Wikipedia tells us that gelatin is a substance created by the prolonged boiling of connective tissue - skin, bones, cartilage. This means that it's a complicated mixture of substances. Much of it is formed from the major protein in these types of tissue, which is called collagen. Collagen, in turn, is a fibrous protein that contains a high proportion of the amino acids glycine and proline.

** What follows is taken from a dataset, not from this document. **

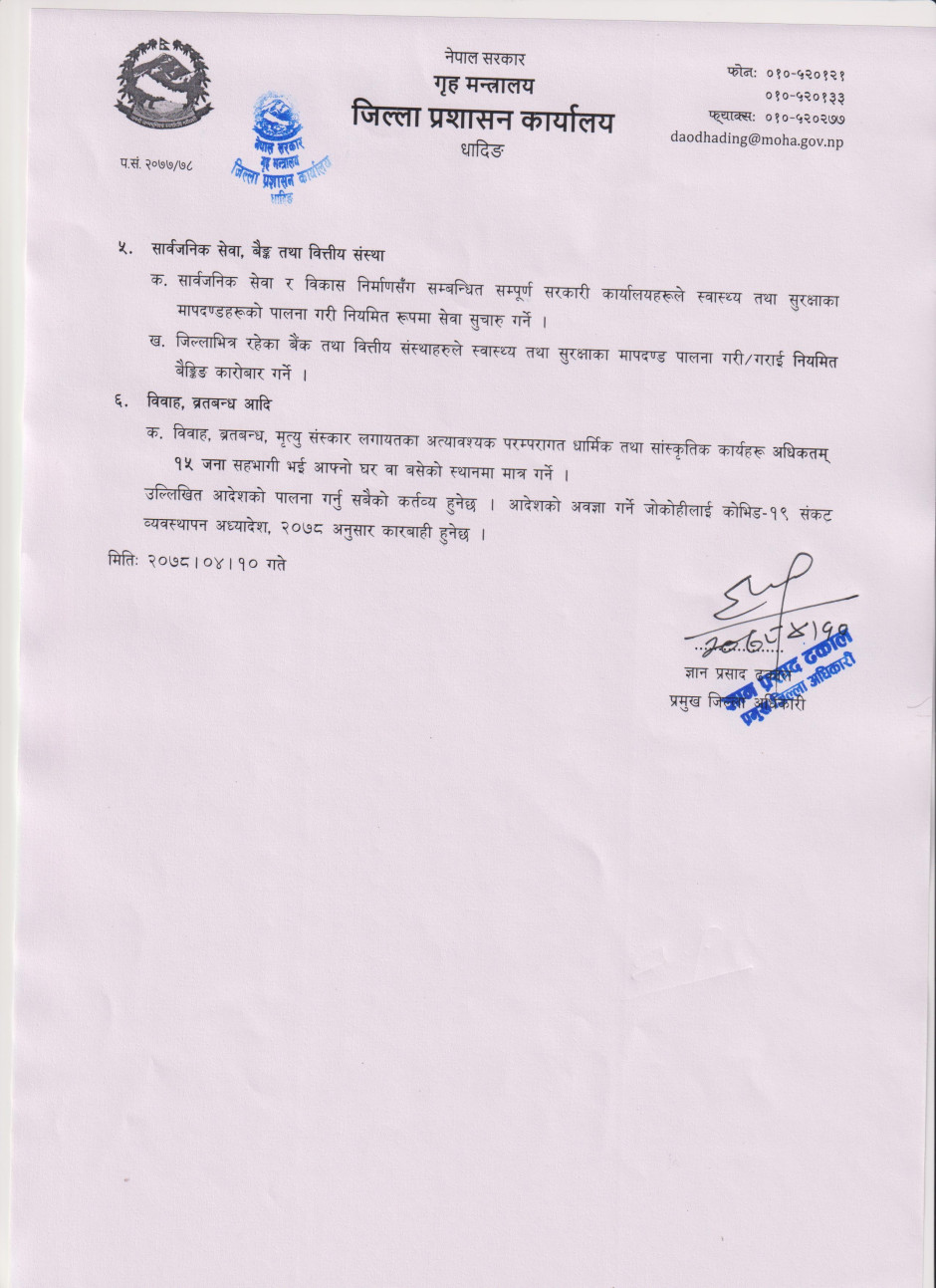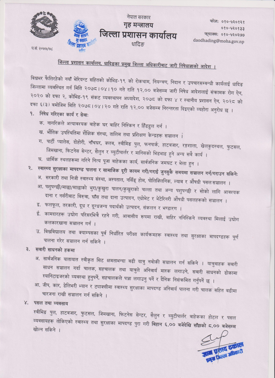 धादिङ जिल्लाका प्रमुख जिल्ला अधिकारीबाट जारी निषेध आदेश

This last point is important - the types of amino acid in a protein can determine whether it is a good substrate for a protease.
2. What is pepsin?
Pepsin is a protease - an enzyme that degrades proteins to peptides. Proteases are enzymes and most enzymes have a specificity for substrates - that is, some proteins will be more susceptible to degradation by pepsin than others. There are 2 things that you need to know about pepsin. First, it prefers to cut proteins in a particular position - the N-terminal side of a hydrophobic amino acid residue. It will not cut near peptide bonds that contain valine, alanine or glycine. Second, pepsin works best at an acidic pH, about 2.
3. What is alcalase?
I have to admit that alcalase was a new term to me. It's a commercial name for a protease called subtilisin Carlsberg, which is an alkaline protease. As the name suggests this protease works best at alkaline pH (7-9). It has a rather broad range of specificity - it cleaves on the C-terminal side of up to 6 different amino acid residues. Take a look at the enzyme properties page to find out more about it.

The MadSci team tell me that you already have some information on how copper ions affect the activity of these enzymes, so I'll skip over that part of the question. Briefly, my understanding is that copper activates pepsin and I'm not aware of any studies that document either activation or inhibition of alcalase by copper.